The mentioned components may form cycles of activity within each stage of the OD process. The OD approach to change is firmly embedded in the assumption that all who are or who might be involved in any change should be part of the decision-making process to decide what that change might be and to bring it bout. Again, this takes time and asks time from the client. So, it is almost a definition that the soft complexity part of a Sharepoint implementation asks a lot of time from the client. This can be called a main characteristic that should be addressed before the Sharepoint implementation starts. Organization development is not a project planned and implemented by senior managers with the assumption that other workers in the organisation will automatically go along with it. And again, often this is what is being done when Sharepoint is implemented. It’s implemented and the assumption is made that the organization will automatically go along with it, which is definitely and absolutely NOT the case.
Action research is tightly integrated and related to the OD process. Action research is central to EACH STAGE of the OD process. It is a collaborative effort between the leaders and facilitators of any change and those who have to enact it. It involves data gathering, feedback of data to the client group, data discussion, action planning, and action. Therefore, action research is, as its name suggests, a combination of research and action. Every step, every action done when implementing Sharepoint should be analysed the same way, should undergo this action research or something similar. If this is not done, if people and managers think the organization will go along the Sharepoint implementation, there is too much that is ignored and this WILL bite you in the butt.
Let us look more closely to this picture. Put Sharepoint in the middle and align your analysis around this product.

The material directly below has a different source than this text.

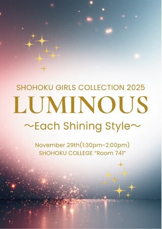 学校法人ソニー学園 湘北短期大学(厚木市温水428、理事長・学長 高橋 洋)は、11月29日(土)に「湘北短期大学ファッションショー Luminous ~Each Shining Style~」を開催します。2004年の第1回から今回22回目を迎えます(コロナ禍ではオンライン開催)。例年同様、生活プロデュース学科の2年生を中心に、総合ビジネス・情報学科の学生を合わせて総勢50名弱の学生が、衣装製作からショーの構成・出演・舞台美術・映像などによる演出まですべて手作りで運営する学科横断のイベントです。衣装や子ども服の製作、空間演出、イベントの企画・運営など生活プロデュース学科と総合ビジネス・情報学科の学生が専門的に学んできた知識や体験を生かし、学びを通じて磨いてきた個々の創造力と個性を発揮・表現する集大成の機会です。当日のショーでは、太田ゼミ・奥脇ゼミの学生がデザイン・製作した衣装を本人、またはモデル担当の学生15名が身にまといランウェーを歩きます。また、学生が製作したキッズドレスを着た教職員の子どもたちも登場します。

At stages 1a and 1b the issues, problems and opportunities are to be fully explored and the (generally) multiple perspectives of people in the change situation should be understood. Diagnosing the current situation should not be rushed through without sufficient consideration of the underlying issues as well as the presenting ones.
Again, Sharepoint is often implemented way to fast and without the proper analysis of this current situation, on the hard and on the soft side. Also it happens often that the future state is not well analysed or not analysed at all. As mentioned in the previous blog, often the system administrator is made Sharepoint goeroe who must implement Sharepoint and make it a go. Where is the business in that situation? Where are the people, the procedures, governance and what not? I hope it becomes and is clear by now how very wrong Sharepoint is approached in most situations: as only a (simple) product that can be put into action within an hour.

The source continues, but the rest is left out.